Lord, Change Our Minds

Bible Book: 2 Corinthians  7 : 8-12
Subject: Repentence, True; Humility
INTRODUCTION

This passage records the joy that Paul felt when Titus brought the news that the Corinthians had received the message he had sent to them. What a joy when a pastor knows his leadership is being followed. (Heb 13:7-17)

Paul had written a letter to this church as one broken-hearted over sin in the church. He knew the letter had caused the Corinthians sorrow and as a result, Paul, at moments, regretted sending it. However, the Corinthians not only responded correctly to Paul, but also to God. This is a passage that outlines what is essential to restoring broken relationships.

Proverbs 9:8-9

“Do not correct a scoffer, lest he hate you;

Rebuke a wise man, and he will love you.

Give instruction to a wise man, and he will be still wiser;

Teach a just man, and he will increase in learning.”

Proverbs 27:5-6

“Open rebuke is better

Than love carefully concealed.

“Faithful are the wounds of a friend,

But the kisses of an enemy are deceitful.”

This letter speaks of how Paul feared that his confrontation of sin had only caused things to get worse. The pleasure of sin is brief, while the sorrow it produces lasts; the sorrow of repentance is brief, while the joy it produces lasts.

This text helps us to discern between “godly sorrow” and “sorrow” (remorse). The Corinthians’ remorse was not a sorrow of self-pity, of getting caught, of despair, bitterness, wounded pride, or manipulative remorse. Their sorrow led to repentance (a change of mind, heart, and life. It’s a turning from sin to holiness) which produced genuine change.

They were not defensive; they did not view themselves as victims or seek to justify their sinful behavior. Their sorrow was in “a godly manner,” according to the will of God. It was the healing, transforming sorrow for sin that God intended for them to feel, because it produces repentance.

2 Corinthians 7:9, “Now I rejoice, not that you were made sorry, but that your sorrow led to repentance. For you were made sorry in a godly manner, that you might suffer loss from us in nothing.”

“that you might suffer loss from us in nothing” – Paul was comforted by their response. There were many blessings God could pour out on the Corinthians through his ministry. Had they remained alienated from him, they would have forfeited their blessings. Paul’s concern was not for his loss, but theirs.

According to v.10, no one who truly repents will ever regret it, or the sorrow that led to it.

2 Corinthians 7:10, “For godly sorrow produces repentance leading to salvation, not to be regretted; but the sorrow of the world produces death.”

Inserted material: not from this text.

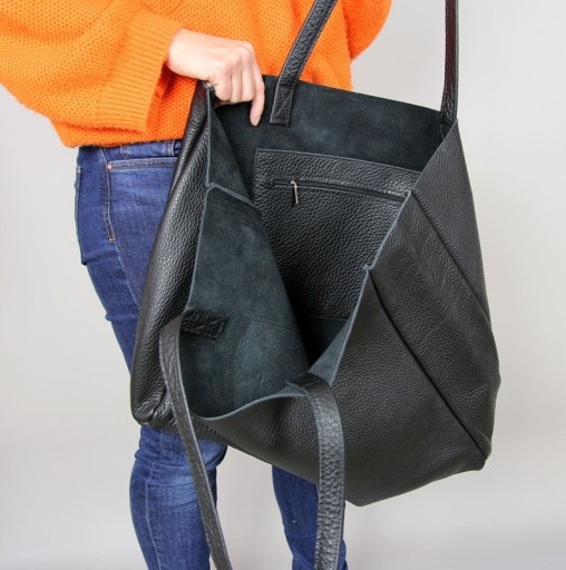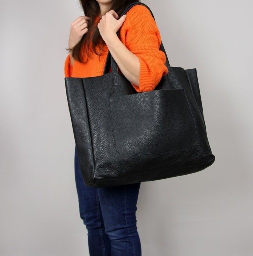 Ta duża czarna torba wykonana jest z wysokiej jakości włoskiej skóry. Torebka jest bardzo pojemna i praktyczna. Wykonana z dbałością o każdy szczegół. Świetnie sprawdzi się jako torba na zakupy.

True biblical repentance is not psychological, emotional, human remorse, seeking merely to relieve stress and improve one’s circumstances. The “sorrow of the world” – remorse, wounded pride, self-pity, unfulfilled hopes, has no healing power, no transforming, saving, or redeeming capability. It produces guilt, shame, resentment, anguish, despair, depression, hopelessness, even death.

“godly sorrow” – produced by the Holy Spirit’s conviction

Proverbs 28:13, “He who covers his sins will not prosper,

But whoever confesses and forsakes them will have mercy.”

Psalms 32:3-4

“When I kept silent, my bones grew old

Through my groaning all the day long.

For day and night Your hand was heavy upon me;

My vitality was turned into the drought of summer.”

Selah

2 Timothy 2:25-26, “in humility correcting those who are in opposition, if God perhaps will grant them repentance, so that they may know the truth, and that they may come to their senses and escape the snare of the devil, having been taken captive by him to do his will.”

WHAT DOES REPENTANCE LOOK LIKE?

2 Corinthians 7:11, “For observe this very thing, that you sorrowed in a godly manner: What diligence it produced in you, what clearing of yourselves, what indignation, what fear, what vehement desire, what zeal, what vindication! In all things you proved yourselves to be clear in this matter.”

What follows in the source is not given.